Selon le chef de mission de l'OIM en Somalie, Franz Celestin, un financement adéquat pour soutenir les migrants aurait pu éviter des situations comme celle de Yasmine.
« Nous aurions pu faire en sorte que quelqu'un l'accompagne pendant le voyage de retour pour s'assurer qu'elle ait accès à l'assistance dont elle avait besoin après un événement aussi traumatisant ».
L'OIM travaille avec les autorités locales de la Corne de l'Afrique pour renforcer les mécanismes de lutte contre la traite et les campagnes de sensibilisation afin de rendre la migration plus sûre dans la région. Mais le financement de ces activités est limité.
Malgré les dangers de la Route de l'Est, de nombreux migrants parviennent à atteindre le Yémen, et certains parviennent à rejoindre le Royaume d'Arabie saoudite. Leur situation reste cependant désastreuse.
L'OIM estime à 43 000 le nombre de migrants piégés au Yémen, vivant dans des conditions précaires et exposés au risque d'être pris dans le conflit en cours.
L'OIM joue un rôle clé dans le soutien aux migrants qui ont besoin d'un rapatriement sûr et volontaire par le biais de vols charters et de transports terrestres. L'Organisation a également mis en place des initiatives de réintégration qui aident ceux qui rentrent à reprendre leur vie en main dans la dignité.

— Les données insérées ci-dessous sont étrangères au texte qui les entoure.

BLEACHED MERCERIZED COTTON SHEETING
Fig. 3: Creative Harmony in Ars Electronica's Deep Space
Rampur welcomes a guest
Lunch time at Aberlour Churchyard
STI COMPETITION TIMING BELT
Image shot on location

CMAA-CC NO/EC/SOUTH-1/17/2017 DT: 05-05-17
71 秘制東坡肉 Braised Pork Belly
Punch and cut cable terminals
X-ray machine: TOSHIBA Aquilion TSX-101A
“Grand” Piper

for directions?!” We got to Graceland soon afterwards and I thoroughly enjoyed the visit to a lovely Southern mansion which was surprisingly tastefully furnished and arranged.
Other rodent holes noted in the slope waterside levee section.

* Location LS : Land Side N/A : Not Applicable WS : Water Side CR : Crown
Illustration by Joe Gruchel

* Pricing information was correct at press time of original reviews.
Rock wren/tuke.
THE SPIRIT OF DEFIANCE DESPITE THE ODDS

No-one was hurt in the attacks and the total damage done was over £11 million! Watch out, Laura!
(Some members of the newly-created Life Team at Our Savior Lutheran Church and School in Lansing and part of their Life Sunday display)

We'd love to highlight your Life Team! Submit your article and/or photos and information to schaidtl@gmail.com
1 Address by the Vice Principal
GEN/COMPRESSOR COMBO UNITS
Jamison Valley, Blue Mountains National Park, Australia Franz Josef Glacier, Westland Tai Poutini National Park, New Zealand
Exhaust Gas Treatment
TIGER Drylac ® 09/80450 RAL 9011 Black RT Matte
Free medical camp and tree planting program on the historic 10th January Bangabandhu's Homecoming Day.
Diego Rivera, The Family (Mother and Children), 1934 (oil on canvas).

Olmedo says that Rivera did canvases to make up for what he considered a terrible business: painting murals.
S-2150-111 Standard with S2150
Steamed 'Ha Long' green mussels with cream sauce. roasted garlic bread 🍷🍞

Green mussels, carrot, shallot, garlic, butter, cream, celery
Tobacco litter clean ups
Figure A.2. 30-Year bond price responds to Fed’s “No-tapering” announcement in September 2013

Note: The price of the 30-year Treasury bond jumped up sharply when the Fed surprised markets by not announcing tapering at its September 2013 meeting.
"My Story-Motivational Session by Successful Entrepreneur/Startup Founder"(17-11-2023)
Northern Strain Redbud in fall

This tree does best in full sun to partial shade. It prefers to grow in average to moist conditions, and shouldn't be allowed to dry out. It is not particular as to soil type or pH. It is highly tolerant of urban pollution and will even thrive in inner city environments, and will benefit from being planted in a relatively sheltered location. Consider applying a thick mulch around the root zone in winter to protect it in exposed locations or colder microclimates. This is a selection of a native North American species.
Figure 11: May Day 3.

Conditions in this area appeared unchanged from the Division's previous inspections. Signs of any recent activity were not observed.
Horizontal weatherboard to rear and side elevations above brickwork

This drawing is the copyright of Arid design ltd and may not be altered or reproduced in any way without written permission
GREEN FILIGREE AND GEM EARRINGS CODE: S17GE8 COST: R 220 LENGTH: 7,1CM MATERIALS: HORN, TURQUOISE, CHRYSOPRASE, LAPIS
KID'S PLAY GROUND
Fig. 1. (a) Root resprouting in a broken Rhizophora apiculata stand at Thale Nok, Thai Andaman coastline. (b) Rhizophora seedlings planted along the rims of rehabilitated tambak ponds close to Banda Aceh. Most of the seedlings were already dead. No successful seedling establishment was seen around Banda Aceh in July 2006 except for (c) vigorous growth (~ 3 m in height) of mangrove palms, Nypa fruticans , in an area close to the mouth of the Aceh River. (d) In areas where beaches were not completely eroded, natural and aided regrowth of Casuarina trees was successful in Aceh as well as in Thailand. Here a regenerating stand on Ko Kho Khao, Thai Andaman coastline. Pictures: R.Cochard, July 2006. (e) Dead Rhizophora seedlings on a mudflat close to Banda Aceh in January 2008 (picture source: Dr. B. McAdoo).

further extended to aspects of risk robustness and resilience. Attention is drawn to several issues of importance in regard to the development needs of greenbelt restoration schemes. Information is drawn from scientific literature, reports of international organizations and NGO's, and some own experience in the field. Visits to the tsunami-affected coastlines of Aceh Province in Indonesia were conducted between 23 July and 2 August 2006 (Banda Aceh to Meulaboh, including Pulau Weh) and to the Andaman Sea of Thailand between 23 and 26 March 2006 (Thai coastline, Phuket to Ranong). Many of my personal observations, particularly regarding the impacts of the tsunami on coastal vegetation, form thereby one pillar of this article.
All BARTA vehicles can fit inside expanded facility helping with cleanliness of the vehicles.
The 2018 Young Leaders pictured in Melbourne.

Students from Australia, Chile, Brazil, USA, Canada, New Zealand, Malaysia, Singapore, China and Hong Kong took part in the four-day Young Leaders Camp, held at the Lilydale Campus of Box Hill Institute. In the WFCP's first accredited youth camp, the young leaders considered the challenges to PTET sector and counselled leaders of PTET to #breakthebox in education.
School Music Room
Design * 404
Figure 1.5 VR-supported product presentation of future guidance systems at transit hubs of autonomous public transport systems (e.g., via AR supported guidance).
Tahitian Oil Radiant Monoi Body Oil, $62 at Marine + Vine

« Les migrants qui sont rentrés chez eux grâce à notre programme ont bénéficié d'une formation professionnelle, de cours d'éducation, de bourses et d'un soutien médical », explique Franz Celestin, qui souligne également comment ces initiatives s'attaquent aux causes profondes de la migration irrégulière en offrant des alternatives aux personnes. « Si les gens avaient des opportunités, ils ne risqueraient pas leur vie et les trafiquants ne pourraient pas profiter d'eux ».
Depuis début 2022, l'OIM a aidé plus de 5 700 migrants bloqués et victimes de traite à rentrer en toute sécurité dans leur pays d'origine depuis le Yémen. Environ 300 000 migrants vulnérables ont également bénéficié d'une aide humanitaire au Yémen, en Somalie et à Djibouti. À ce jour, en 2023, l'OIM a aidé 5 631 migrants, dont 5 572 Ethiopiens, à rentrer chez eux à bord de vols de retour humanitaire volontaire.
L'OIM lance aujourd'hui un appel de 58,5 millions de dollars par le biais du Plan régional de réponse aux migrations (MRP) pour la Corne de l’Afrique et le Yémen afin de poursuivre ce soutien vital dans la région.
Texte de Claudia Rosel.
Tous les témoignages ont été recueillis entre août 2022 et juin 2023.